EDF et l’Etat français, ce sont des relations aussi étroites que compliquées : l’Etat détient 85% de son capital et a toujours fixé le cap pour l’ensemble de la filière énergétique. Mais aux yeux des autres actionnaires d’EDF, cette proximité mettrait en danger l’électricien : l’Etat l’inciterait à se lancer dans des projets périlleux. Un collectif d’actionnaires, principalement des salariés et des retraités d’EDF, demande donc à l’Etat d’assumer ses choix jusqu’au bout en rachetant toute l’entreprise.

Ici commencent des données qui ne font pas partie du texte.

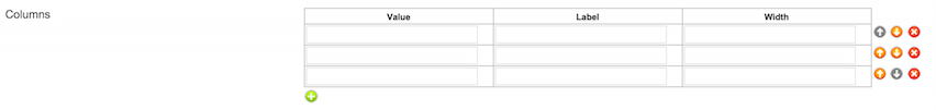 columns : [ {key : 'value', label : 'Value', required: 'true'}, {key : 'label', label : 'Label', required: 'true'}, {key : 'width', label : 'Width', options:[ {value : '10%', label : '10%'}, {value : '20%', label : '20%'}, {value : '30%', label : '20%'}, {value : '40%', label : '20%'} ]} ], value : [ {label : 'Username', value : 'username'}, {label : 'Status', value : 'status'}, {label : 'Message', value : 'message', width : '20%'}, {label : 'Date', value : 'dateCreated'} ]
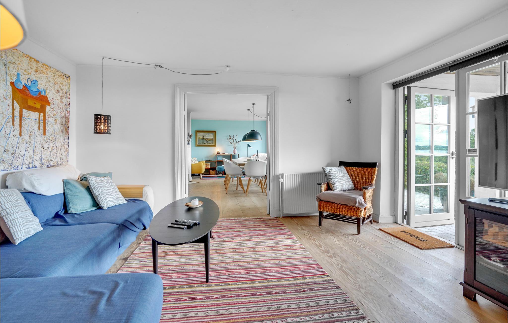 Fra både stue og førstesal er der en skøn udsigt ud over fjorden og engene. Huset ligger på en stor grund, med gode terrasser, hvor det er muligt at finde sol, læ eller skygge alt efter ønske. Det er muligt at købe brænde på stedet. Huset ligger i et naturskønt område, der indbyder til spadsereture, samt med fjorden hvor I kan bade og fiske. Den berømte Restaurant Knapp ligger kun 500 m fra huset, forkæl jer selv med et besøg og smag den gode mad. Besøg også Aabenraa der bare ligger 5 min. væk i bil, her kan I købe ind, nyde en kop kaffe og en kage på en af cafeerne og gå en tur på havnen og opleve det maritime miljø.
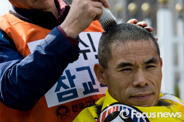 (서울=포커스뉴스) 14일 오후 서울 종로구 정부서울청사 앞에서 전국교직원노동조합 전임자들이 정부의 법외노조 후속조치와 부당탄압에 항의하며 삭발식을 하고 있다.
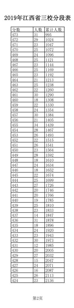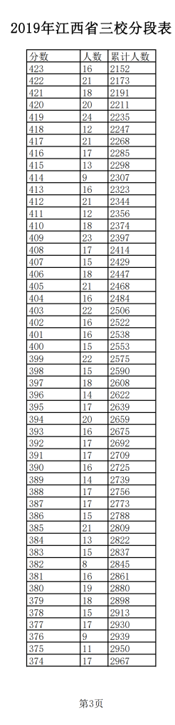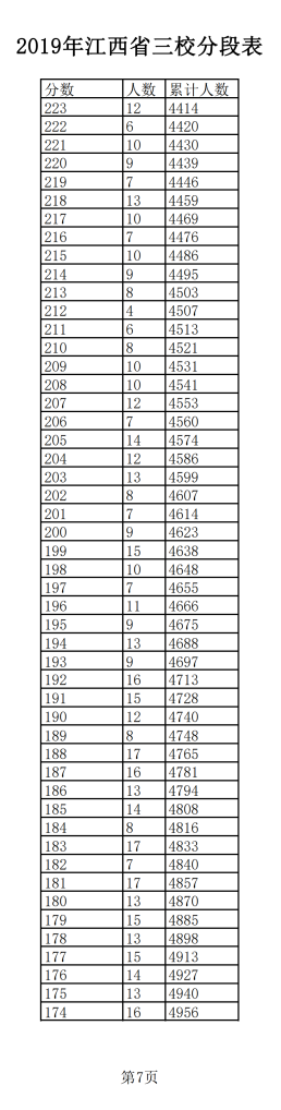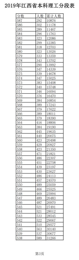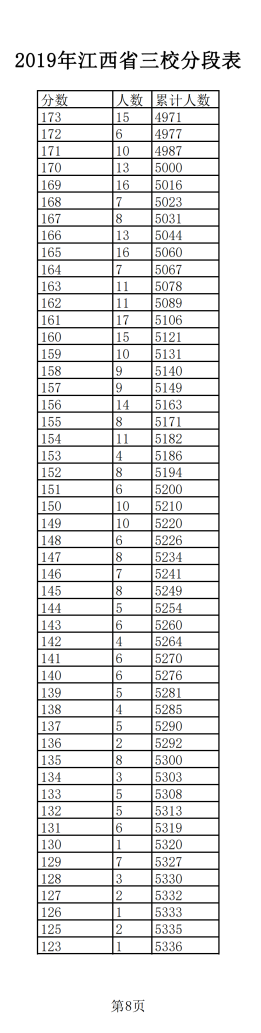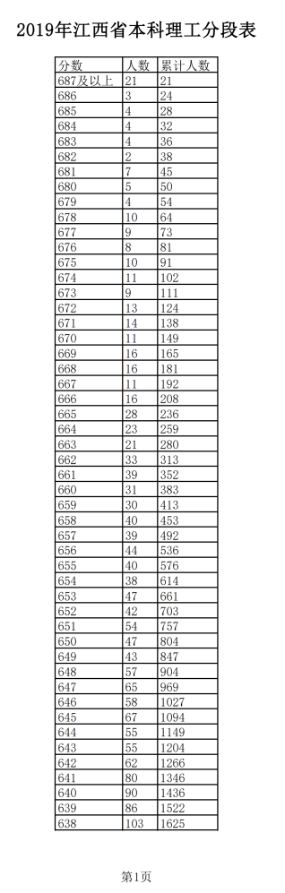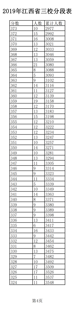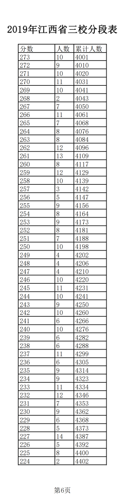 2019年江西普通高考文史、理工、三校成績分數(shù)段表
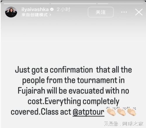 “剛收到確認(rèn),所有在富吉拉賽事的人員都將被免費(fèi)撤離,所有費(fèi)用由ATP完全承擔(dān),這波操作太贊了?!?伊利亞·伊瓦什卡在說(shuō)這番話(huà)的時(shí)候非常開(kāi)心,還刻意對(duì)ATP這么做送上了掌聲。
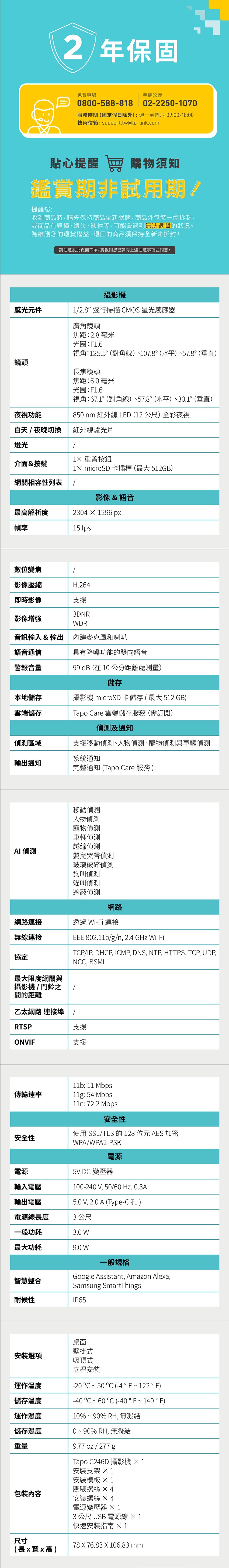 TP-LINK Tapo C246D 室內/戶外雙鏡頭旋轉式防護攝影機
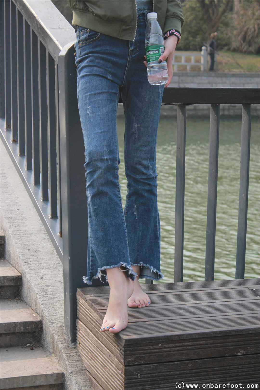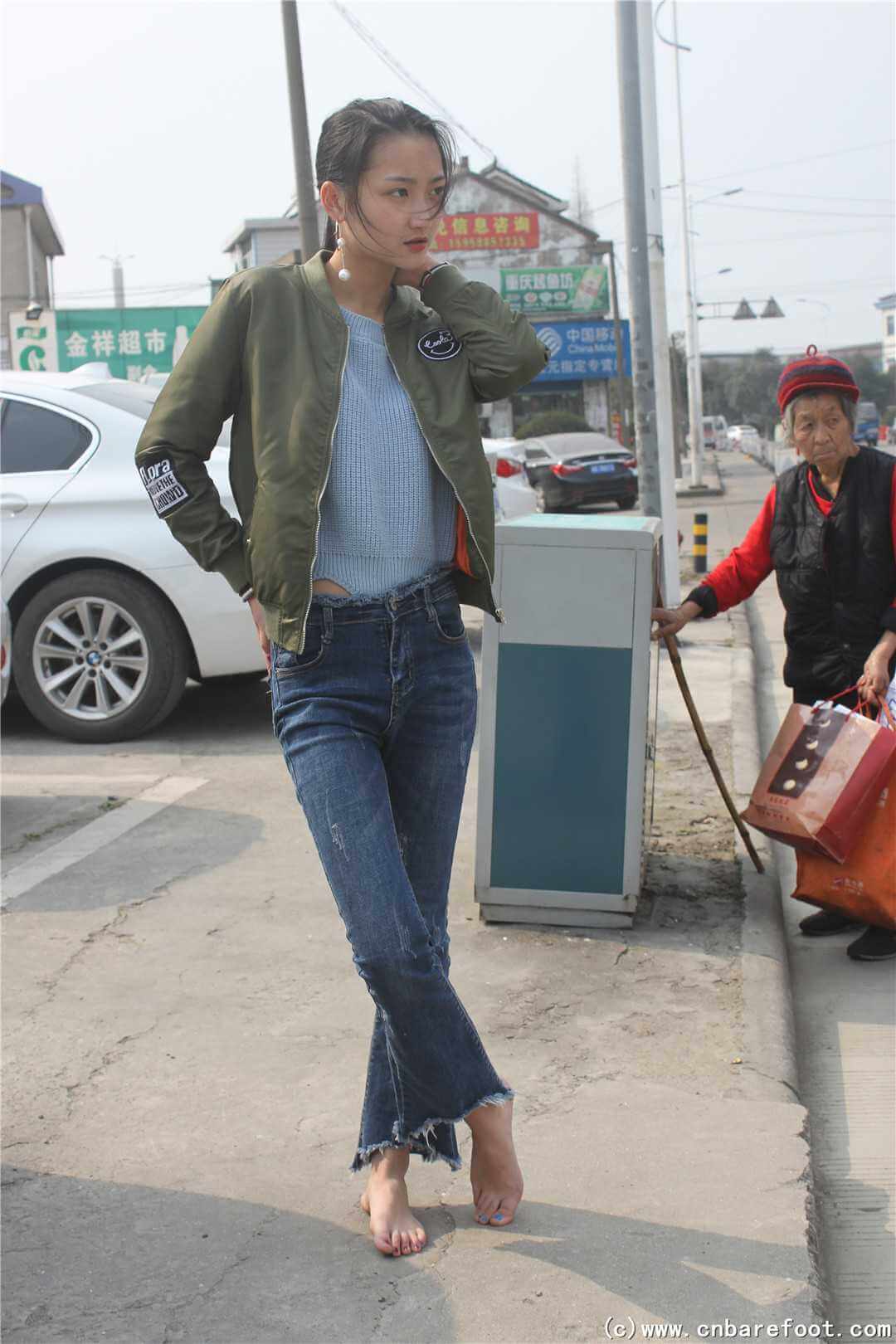 静静第一次尝试赤脚出门,虽然心里有些忐忑,但她仍然勇敢地走上了街头。

EDF entre dans une phase de turbulences. L’entreprise est actuellement confrontée à de très nombreux défis. Il y a d’abord le plan de grand carénage, une série de grands travaux censés permettre aux centrales nucléaires françaises de fonctionner dix années supplémentaires. Coût du chantier : au moins 55 milliards d’euros. Il y a aussi le démantèlement des centrales les plus âgées et la gestion des déchets radioactifs. Le coût réel d’une telle déconstruction est encore incertain, tandis que le stockage des déchets risque de coûter plus cher qu’EDF ne l’anticipe. En outre, EDF doit absorber Areva, qu’il a sauvé de la faillite sur l’insistance de l’Etat français.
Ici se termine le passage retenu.